A Memoir of Sexual Discovery, Modern Music and The United States of America

by Adam Tendler

Pub Date: Dec. 9th, 2013
ISBN: 978-0-615-70009-0
Publisher: Dissonant States Press

In this debut memoir, a young pianist recalls touring the United States with his program of contemporary American music while struggling with his closeted sexuality.
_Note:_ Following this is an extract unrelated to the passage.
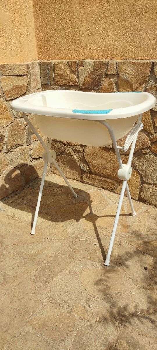 Detalles del productoBañera para bebé con estructura plegable, ideal para facilitar el baño de los más pequeños. Está en buen estado y lista para usar.

After graduating from music school with honors, Tendler came up with a bold idea: “I’d always wanted to travel, I loved modern American music, and I had nothing else to do. I would call it America 88x50—eighty-eight keys by fifty states.” His program showcased four American art-music composers—Charles Ives, Charles Tomlinson Griffes, Alberto Ginastera and Aaron Copland. After emailing his proposal—which he now describes as “a grandiose web of half-truths”—to 50 presenters, he got no positive responses. “Clearly, you are not a professional musician,” said one presenter in an email reply. He decided to tour anyway. Tendler was ill-prepared, at first lacking a website, publicist or even a poster. (He now has a website with sound files, photographs and reviews.) Nevertheless, Tendler lined up a handful of concerts and hit the road, playing wherever he could get a booking—a nursing home, an elementary school, a noisy coffee shop—and eventually, he reached his goal. Even nonmusical readers could become engrossed in Tendler’s narrative as he struggles with self-doubt, logistics, health and coming out, as well as the underlying fight to maintain his pursuit of art through the generosity of others when funding is slim and audiences tiny. The elderly, he discovered, are the most likely to take chances and show up, “while my own hipper-than-thou demographic of twenty-somethings could scarcely ever be found.” In many ways, his quest is personal, though Tendler “learned long ago that only by playing before an audience can a pianist really discover the truth about what they know or don’t know about a piece of music,” and his exploration of this relationship is fascinating. For instance, when he played his dissonant music at a Hurricane Katrina benefit and a disrupted family was in the audience, his host told him that, to them, “Your program made perfect sense.”

An honest, searching exploration of the artist as a young man.